「子供たち怒る怒る怒る」 佐藤友哉

 「新潮」2005年1月号掲載の佐藤友哉「子供たち怒る怒る怒る」が、すごい。この物語で書かれる子供たち(僕、八尾、町井)はスティグマを背負っている。しかも、彼らはそのスティグマに対する責任が全くない。ただその状況に投げ込まれただけで、彼らはそれを背負い、差別を受ける。ノーマルな(なんと差別主義的な表現)子供である塩見くんの態度は、どこか小学生や中学生のころの僕に通ずるところがある。自分に都合が悪くなったりすると、すぐにエースを切るんだ。「お前、○○のくせに」ってね。その言葉がどんな意味を持っているかなんて知らないで言ってるんだけど、ただそれが強力な武器になることだけは知っている。まあその言葉の意味を認識した時点で、表向きには「差別なんてしないよ」と振舞うようにはなる、しかし理由を得た差別感情は内側で大きく育っちゃうんだけどまあそれはおいておいて。
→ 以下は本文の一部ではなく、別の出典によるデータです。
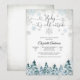 Fira glädjen över en nyanländ med denna eleganta vinterinbjudan till baby shower med snöflingor och en skog av snötäckta granar. Designen blandar lekfull charm med tidlös sofistikation, markerad med stilrena kursiva och serifferade typsnitt. Perfekt för säsongens sammankomster sätter denna inbjudan tonen för en mysig fest samtidigt som dina evenemangsuppgifter lyser igenom. Idealisk för blivande föräldrar som älskar vintertema, det är ett vackert sätt att bjuda in nära och kära att dela i spänningen.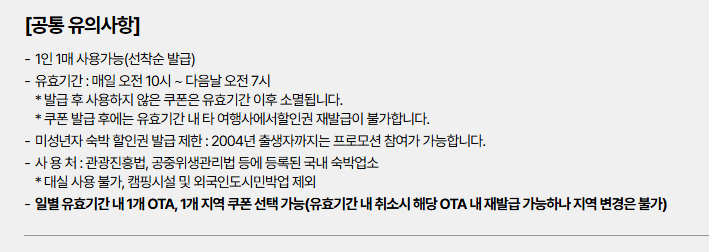 여행사에 따라서는 숙박페스타 쿠폰 이외에 추가 할인 쿠폰 혜택이 있는 곳도 있다.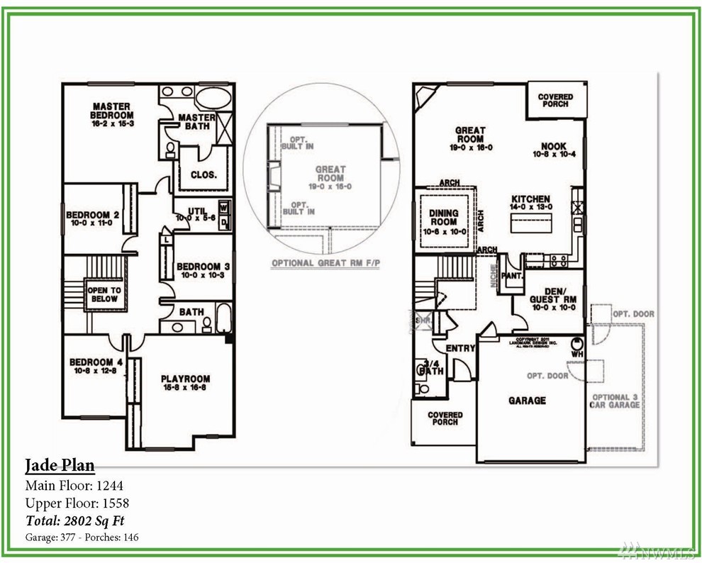 FINAL FEW! The Jade by Great NW Homes. Offering a true great room~perfect for every day living. Lg living rm, formal dining, spacious nook & lg kitchen. Custom cabinets w/ granite/quartz cntrs, full tile b/s, stainless appl. & walk-in pantry. Upstairs find 4 generous sized bds, bonus/5th bed & a large master retreat complete w/ a 5-piece bath. Office/Guest w/ 3/4 on main. $4K towards closing + $3K design credit w/ pref.lender. Craftsman, Industrial or Modern design options.*Photos not of hm*
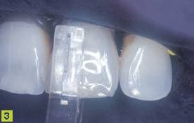 - Modellation: Das Komposit wird mithilfe einer Formmatrize oder frei aufgetragen und anschließend mit UV-Licht schichtweise ausgehärtet.

 この話はそういうスティグマを背負った少年の心情描写や、それを背負ったもの同士の微妙で繊細なコミュニケーション、ノーマルな少年の悪意、そして「牛男」、その謎めいた残虐性とクライマックスでのヒーロー性!陳腐な書き方になっちゃうけど、正面からとは言い切れないけど、こういうテーマに向き合って書けるのは、ユヤタンすごい。
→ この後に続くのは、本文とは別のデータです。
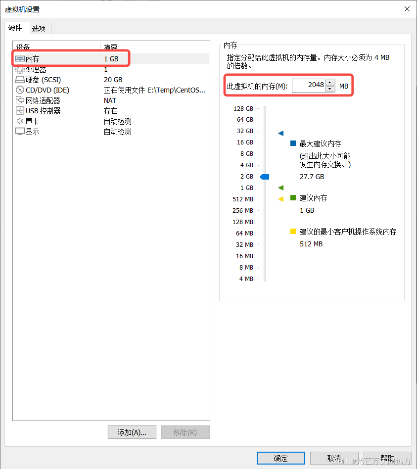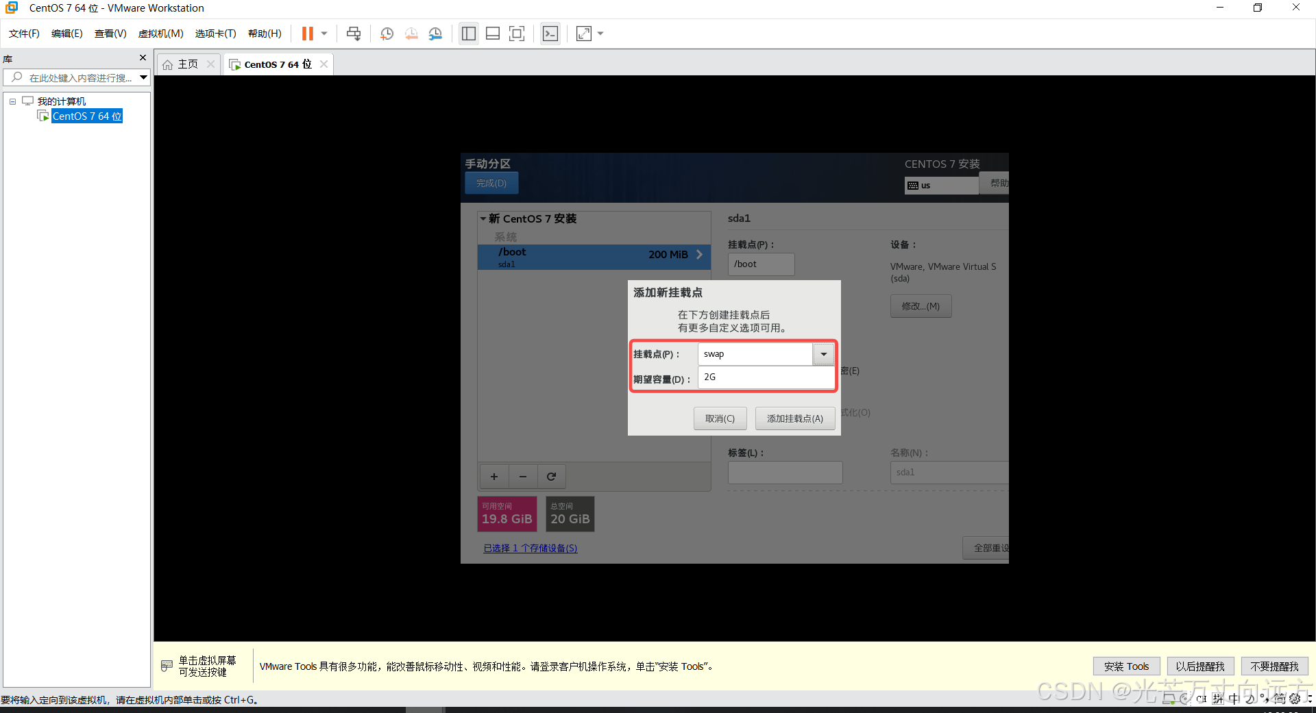 点+号继续添加,下拉箭头选择swap,容量填2G

 ところで、「牛男ゲーム」は僕が転校してくる前から既にはじまっていたわけで、僕はまたしても自動的にこのゲームに投げ入れられた(拒否することは事実上できない、小学校のルールを思い出そう)。最終的な結末において、「この本当に綺麗な街が、地獄の業火で焼きつくされ」ることを望む僕の姿はとてもヒロイックで、雄々しい。だけどその結末に至る過程で「牛男ゲーム」の罰ゲームが極めて重要な役割を果たしている。僕は投げ込まれた環境を内破させたわけではなく、正当な手順をとって終了させたわけだ。罰ゲームが遂行されているのって「この後に及んで」感がものすごく、強い。にもかかわらずみんな大真面目。結局ルールに従ってる(恐ろしく暴力的な描写が喜劇めいて見えるのもこの過剰なまでの真面目さが大きい)。「牛男」だって結局はまた別の、ルールに従ってる。投げ込まれた環境で彼らがそれを背負ったのもルール。むーむー。